The boys are back in town!

This just came in from Chaim... more photos at the bottom...what a wonderful way to kick-off Pesach!

Hello David,

We are back in Israel after our week in Poland. It was an excellent trip, and our visit to Przemysl was definitely a highlight.

On Thursday afternoon, after visiting the site of the Belzec death camp, our group got on the bus and headed to Przemysl. None of us (including our guide) had been there before so we did not know what to expect.

On the way, we called Lukasz Biedka with whom I had made contact through this blog. Lukasz said he would be happy to meet our group and gave the bus driver instructions on where to pick him up.

Lukasz was an excellent guide. He first brought us to the Jewish cemetery and pointed out the spot of the Scheinbach shul along the way.

We then got back on the bus and drove across the river to the old Zasanie Synagogue (now, abandoned). It was late afternoon by that point and our group had not yet davened mincha. Our guide noted that "shuls are meant for prayer" so we stood outside the fence of the shul and I led the group in the afternoon service. The attendants at the gas station next door were certainly intriguied with what they saw...

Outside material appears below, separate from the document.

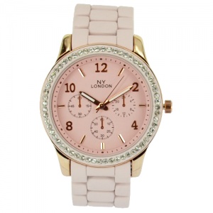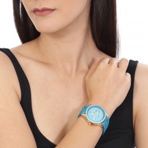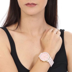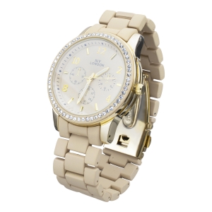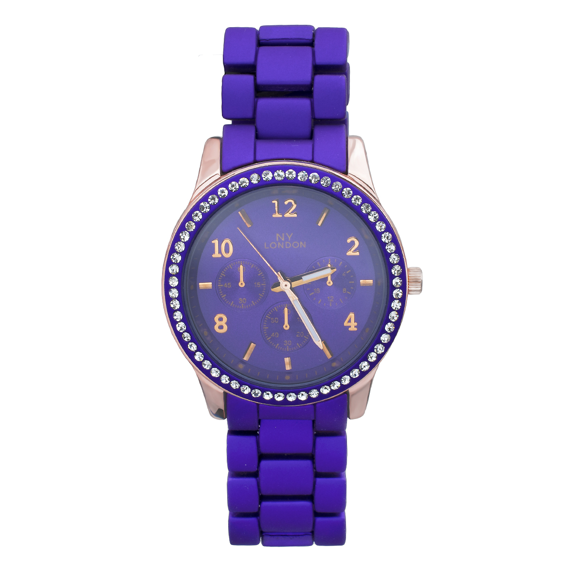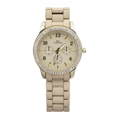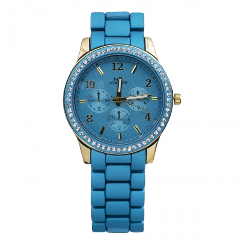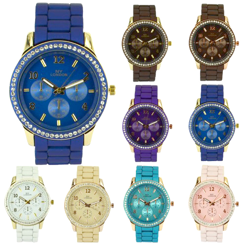Reloj NY, elaborado de cerámica con detalles en baño de oro amarillo de 18 quilates e incrustaciones de cristales blancos. Con correa de plástico, disponible en colores azul, café, morado, blanco, beige, aqua y rosa.

At that point, we had already been in in Przemysl for an hour and our schedule called for us to leave and head to Krakow, but Lukasz insisited that he show us the old ghetto. So, we jumped back on the bus and drove over the river once more. Lukasz told us the story of the ghetto and showed us around. He then brought us the the memorial of the mass shootings which stands behind the prison. We said kaddish and lit candles.

Although I was the only one from the group who had a family connetion to Przemysl, everyone got a lot out of our visit. Prezmysl is a beautiful town and it was easy for us to imagine what it must have been like with its once thriving Jewish community.

As promised, I attached some photos of our visit to this e-mail.

Thanks again for starting this blog. It proved to be an invaluable resource for our visit.

Chag Kasher v'sameach,

I did a little more research on Horodek (the birth place of my grandfather). Turns out that it is, in fact, about 80km south or Przemysl. It was within the region of Lisko (now Lesko).